New Series Shows Impact of Societal Issues Through Eyes of Young Black Girl

Source: Steven A. Lowe / Riley S. Wilson

We are living in a time in which the media has brought the appropriation, consumption and annihilation of Black and brown culture front and center. We are flooded as adults with such triggering imagery and conversation, but one thing we continuously fail to address is how it’s affecting the most vulnerable and inquisitive audience: our children.

Enter Little Apple, a new live-action sci/fi drama in development about a nine-year-old claircognizant (all-knowing) Black girl growing up in present-day Harlem, N.Y. Created by Riley Wilson, Apple’s story is one of a little Black girl with very big ideas and opinions on social justice issues such as racism, gentrification, and misogyny.
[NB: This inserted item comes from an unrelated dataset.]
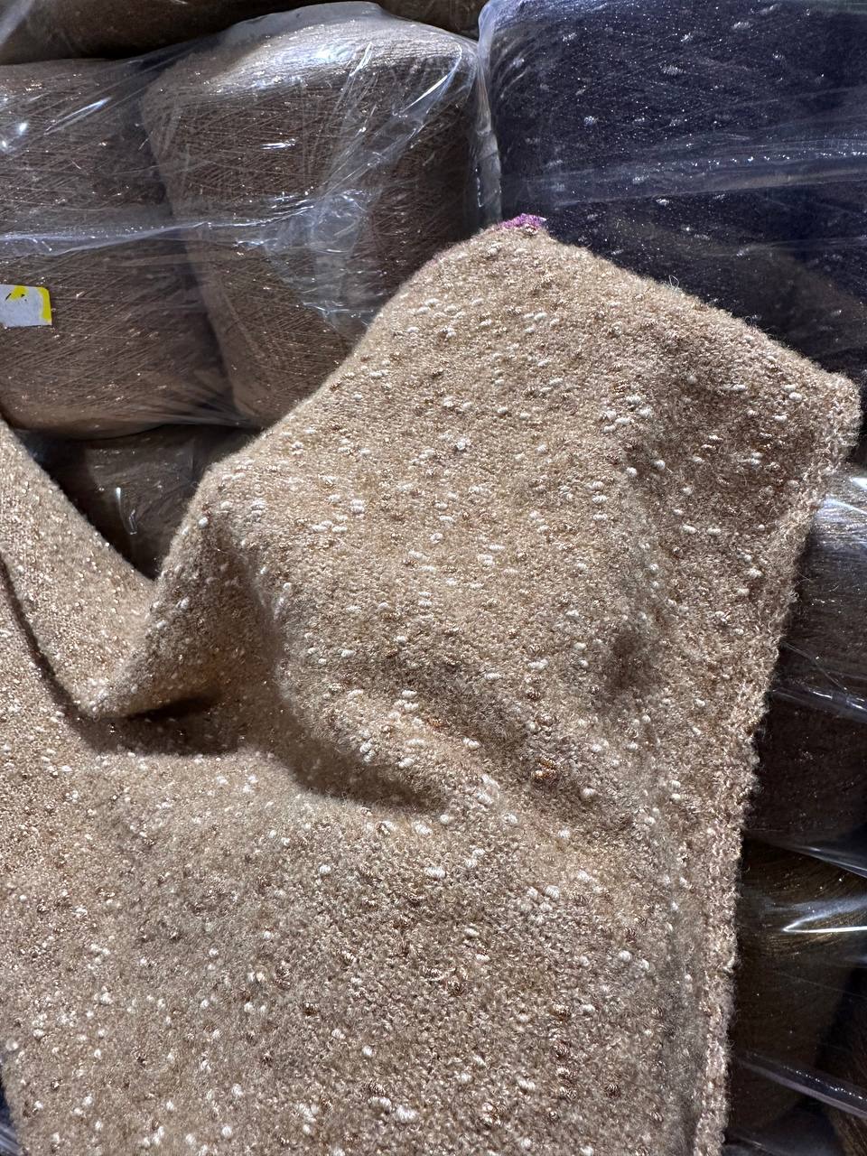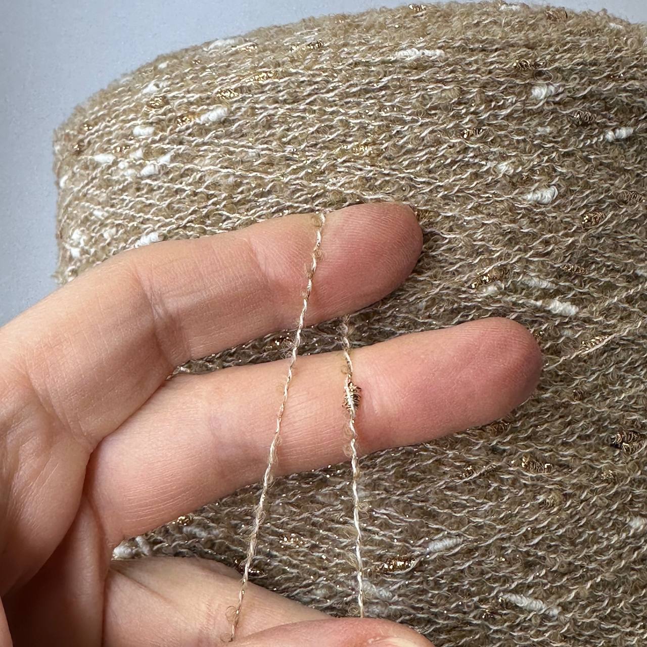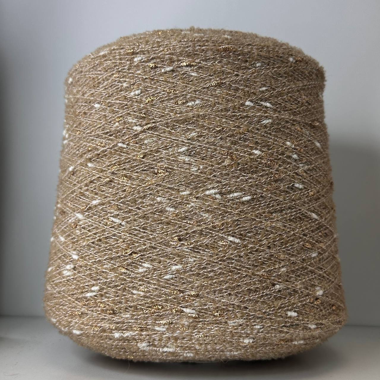 VOICE - Ri.Go; 45% альпака, 19% меринос, 17% п/а, 19% люрекс; 650м/100гр; Букле мелкое, col. 23136, цвет: бежевый с белыми и золотистыми шишками

The executive director and producer is currently raising money to bring the show to life on Kickstarter. In a conversation with CASSIUS, he said he feels like we need representations like Apple’s now more than ever.
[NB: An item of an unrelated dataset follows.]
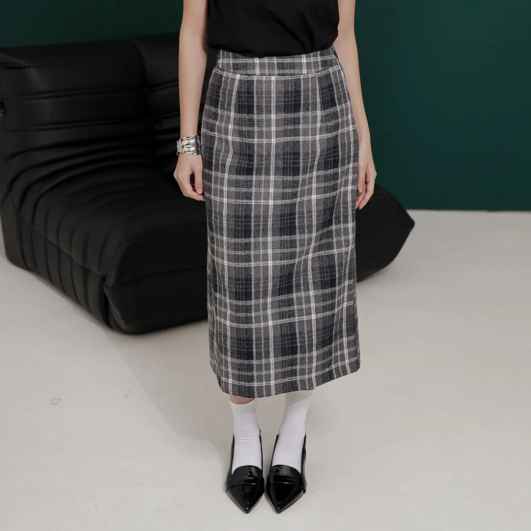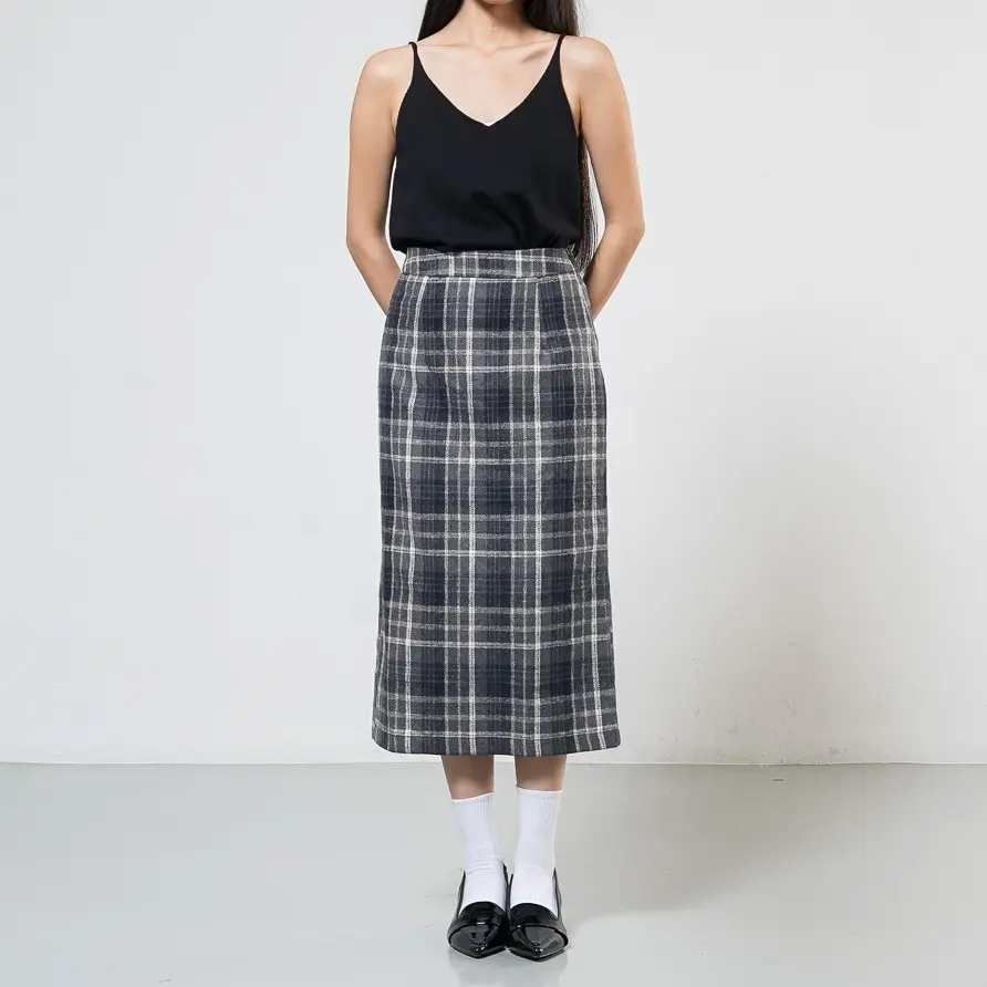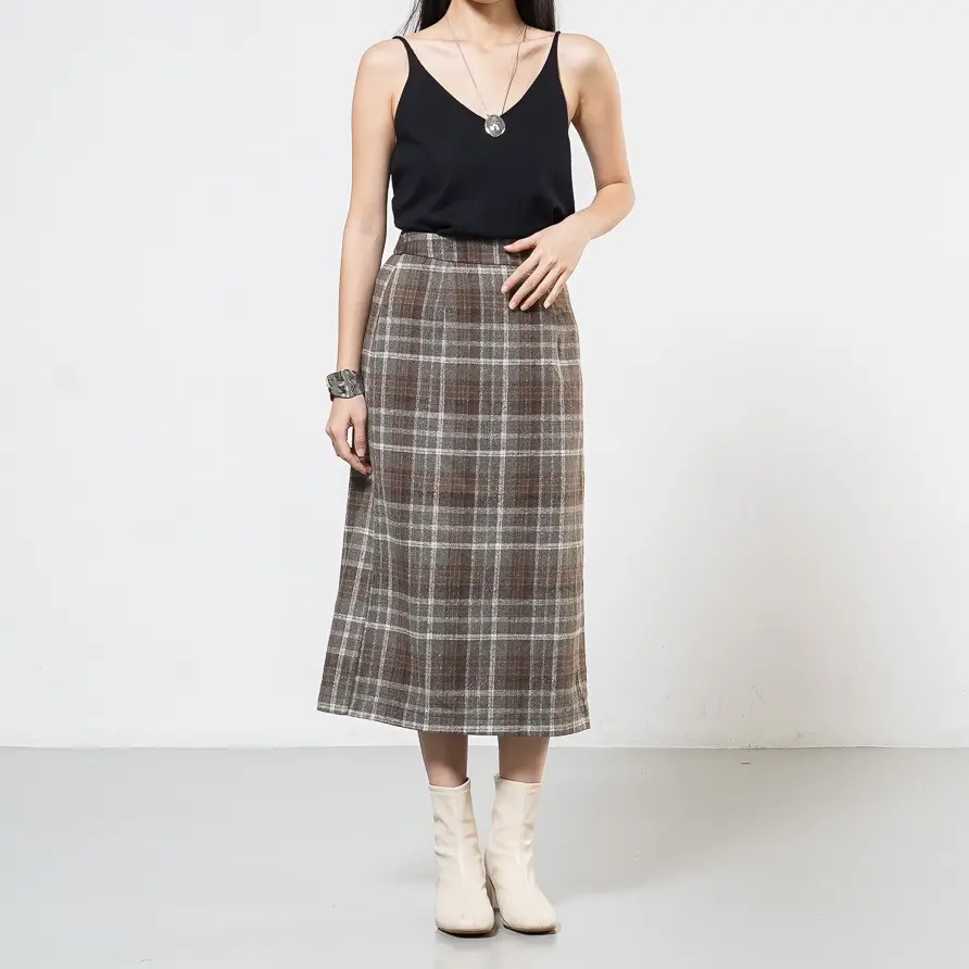 This Is April Bawahan Rok Midi Korea Style Wanita Winter Skirt Brown Dan Grey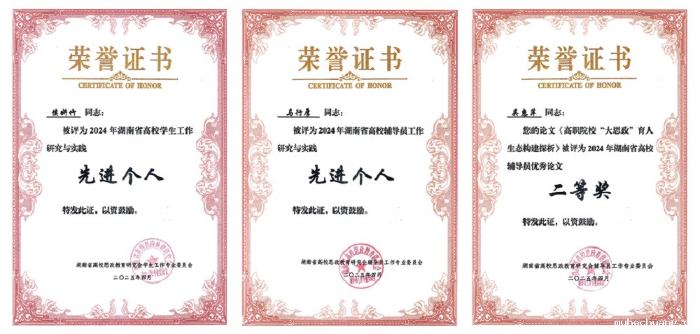 马行厚老师获评2024年辅导员工作研究与实践先进个人,侯妍竹老师获评2024年必威国际登陆平台app下载安装研究与实践先进个人,吴惠萍老师论文《高职院校“大思政”育人生态构建探析》获2024年辅导员优秀论文二等奖。

“We’re living in a space where the society is very anti-Black and anti-female,” Wilson said. “There’s a need for the imagery of having an opinionated, strong, passionate, and intelligent Black girl in the lead for anything. When I think about how often the world mistreats Black women and women of color in general, it’s a radical statement to drive Apple to the forefront.”

‘When I think about how often the world mistreats Black women and women of color in general, it’s a radical statement to drive Apple to the forefront.’

Wilson has been able to see this very idea come to life through his work Milan Williams, the young actress who plays Apple. Although Williams had no previous knowledge of social justice ideology before, Wilson has been adamant about helping her understand what would normally be deemed as topics that are “too advanced for kids.”

New Series Shows Impact of Societal Issues Through Eyes of Young Black Girl

Source: Steven A. Lowe / Riley S. Wilson

“When I brought her on, she didn’t know what gentrification was or misogyny, but she knew how to portray it based on my directions,” he said. “I saw this as an opportunity to push the message of consciousness among kids from a fictional standpoint but also a realistic one. It is really possible to have a dialogue with kids about this.”

As someone with a background in communications, the Howard University alum is always paying attention to the impact social media has on racial and social justice, how it’s affected the movement, and how the same sorts of effects are not just directed towards adults. He wants to use his work to engage kids in the conversation about things they’re already witnessing on a daily basis.

“I see children being thrust into consciousness with the same content adults are consuming, whether that’s hearing conversations about stop and frisk or all of the trending social media content on violence against Black bodies,” he said. “How do we give them authority to speak about their experiences or speak truth to the power plays they are seeing or influencing their every day lives?”

While Wilson has reached slightly over half his $15,000 goal, he emphasizes the need for Apple’s story to be told. In order to encourage the future thought-leaders, politicians, and activists of our world, it’s crucial that we don’t dismiss their innate ability to absorb and comprehend issues that ultimately still effect them.

Little Apple opens up the conversation a lot more when it comes to racial and social justice,” he said. “It presents an opportunity for not just kids, but parents to have real dialogue about how racial and social justice impact their every day lives.”